I admit that even my use of the word, ‘attenuated’ could cause confusion because it suggests ‘absorption’ of TSI when I really mean partial ‘blocking’ via any hypothetical means (including increased reflectance via enhanced albedo- the opposite of absorption!).
Any suggestions for a clear unambiguous term to describe the moderation/attenuation effect as opposed to the spurious ‘amplification’ effect? If we settle on an unambiguous term for it we can move the discussion on from semantics that confuse us to the actual discussion of whether the mechanism exists or not.

October 26, 2014 7:18 am

Our Sun is pretty old already, it is like a man at the 50s or so, so it might have caughing problems, we need to know that our star is pretty sedentary, it moves only aorund the center of our galaxy.
Anyway, until it will live, it will give us tons of free energy every second.
The issue is only with us because our technologies are not yet developed enough to harvest this energy in an efficient mode, we only try to convert the sunshine into DC which is not good for our electrical grids and we use Inverters and solar batteries to store the clean energy produced.
All these devices which are connected together lose energy between them and because either way solar panels are not yet very efficient, we have access to only a small part of the energy sent by our old Sun.
I read on: http://www.alternative-energies.net/solar-arrays-along-highways-in-minnesota/
that for example in Minnesota, the government will build solar arrays along the state highway and that is a perfect choice for any U.S. state.

Parakoch
October 26, 2014 7:33 am

This annual change in TSI should result in winters being warmer in the NH than in the SH (and conversely summers being cooler in the NH than in the SH). However, there is an offsetting effect due to the fact that the NH has more land mass, which cools the NH winters, and warms the NH summers… Though luck.

rogerknights
October 26, 2014 7:41 am

My Request—if you disagree with someone, please quote the exact words you disagree with. This allows us all to understand just what you think is incorrect.

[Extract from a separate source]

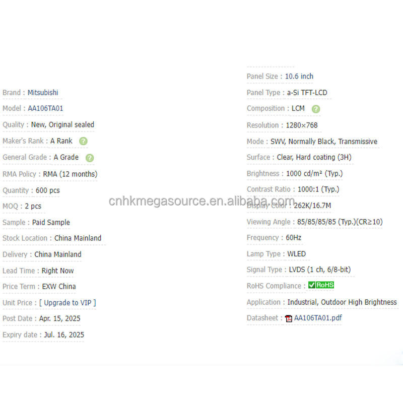 หมายเลขรุ่น: AA106TA01-DA1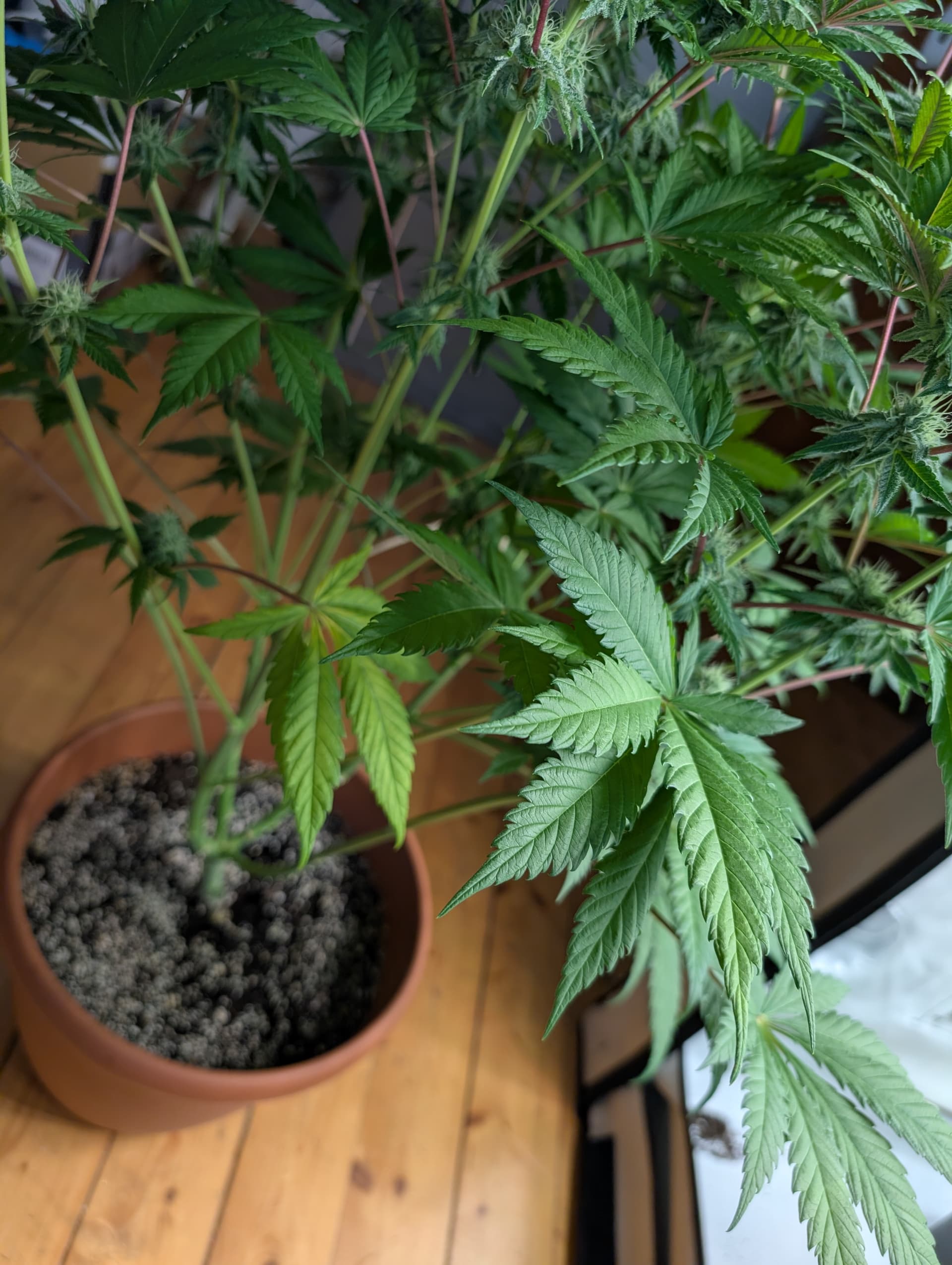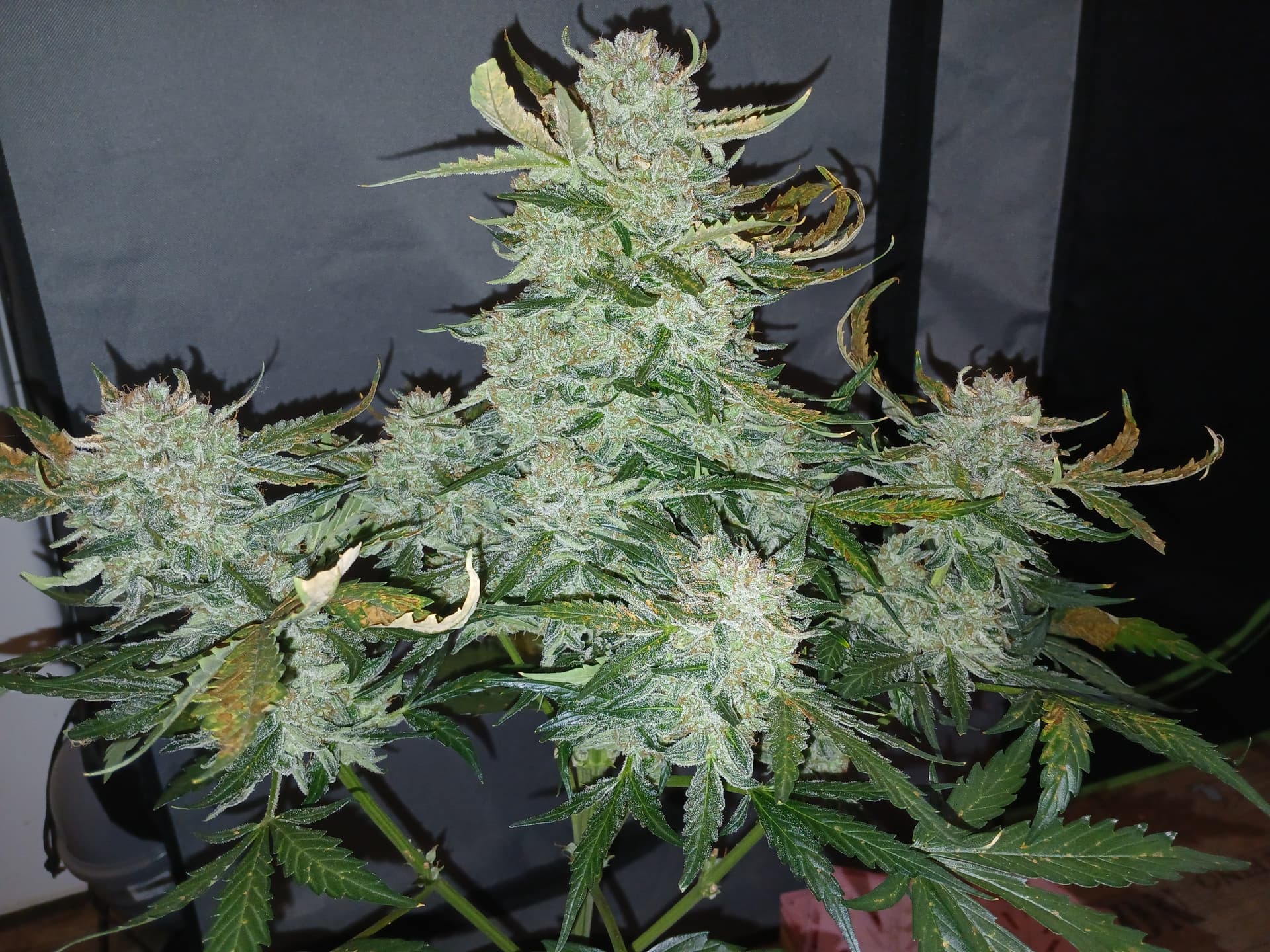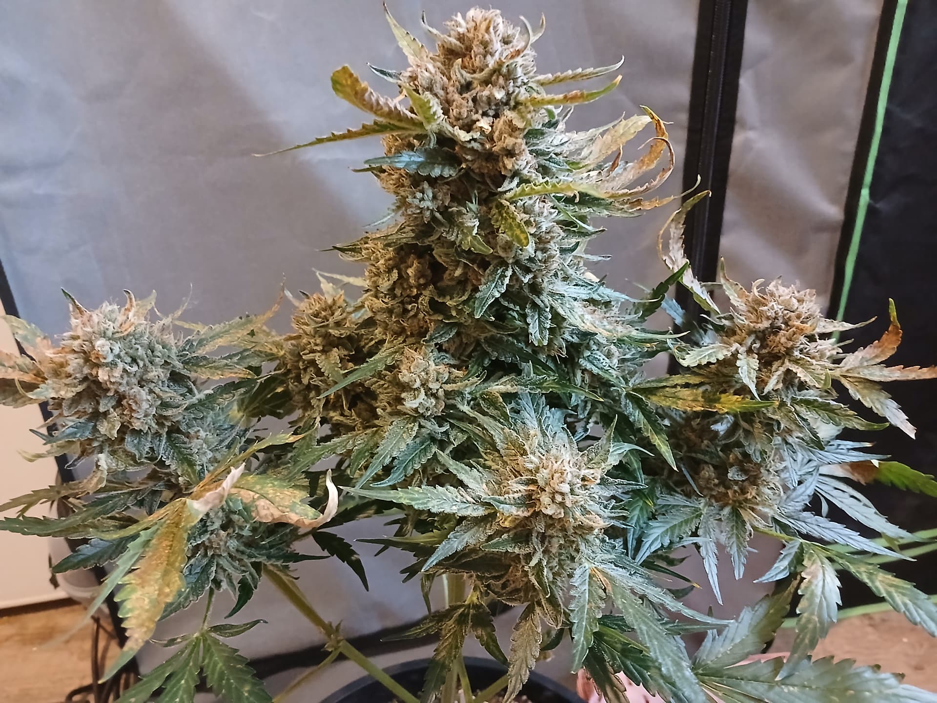 Da ist sie kurz vor der Ernte. Ungefähr 3Wochen nur noch Wasser und runtergeregelte DLI über die letzten 3 Wochen gesenkt. Die ist ca. 64Tage alt geworden und von der Zeit habe ich 3Wochen alles runter gedreht was sie braucht um zu wachsen und trotzdem das raus geholt. Gewicht weiß ich noch nicht aber denke wird sich so um 40g drehen.

Anthony–these words of Willis’s deserve to be in your site rules. (If they aren’t there already.)

Nigel Harris
October 26, 2014 7:52 am

Any impact of the regular annual variation in TSI would show up as a regular seasonal change in temperature. It would therefore be eliminated from the temperature anomaly records, so no point in looking for it there.
Although the variation in TSI from perihelion to aphelion is order of 100 times larger than the variation in TSI from top to bottom of the 11 year solar cycle, it is also many times less than the annual variation in TSI that occurs at an average location on the globe. At polar locations TSI falls to zero in winter and approaches 1361 W/m2 in the summer. At most latitudes the variation is less than this (and not at all at the equator). I don’t have immediate access to the answer, nor the time to figure out the calculations myself, but because of changing day length, the difference between peak summer TSI and minimum winter TSI at non-tropical locations must be far greater than the annual variation in solar radiation reaching the Earth.
So any impact on temperature of annual variation in TSI, for most locations would be swamped by the far larger signal arising from the seasons and the tilt of the earth’s axis.
If I had to look for the signature of the annual TSI variation in the earth’s temperature records, I’d say, firstly there’s no point looking at anomaly figures at all. It is to be found, if at all, in absolute monthly or daily temperature records. Second, at most latitudes, the seasonal day length variation will swamp it entirely. So I’d look for a small annual variation in equatorial temperature records, with a peak at or soon after January. Or, more subtly, a difference in the seasonal temperature patterns of the NH and SH regions. SH temperatures should be more highly seasonal than NH temperatures because of the coincidence of the seasonal and orbital signals. Obviously this effect would be easily obscured by the different land vs ocean areas in NH and SH, so you’d have to look at land only and ocean only temperatures to detect this effect.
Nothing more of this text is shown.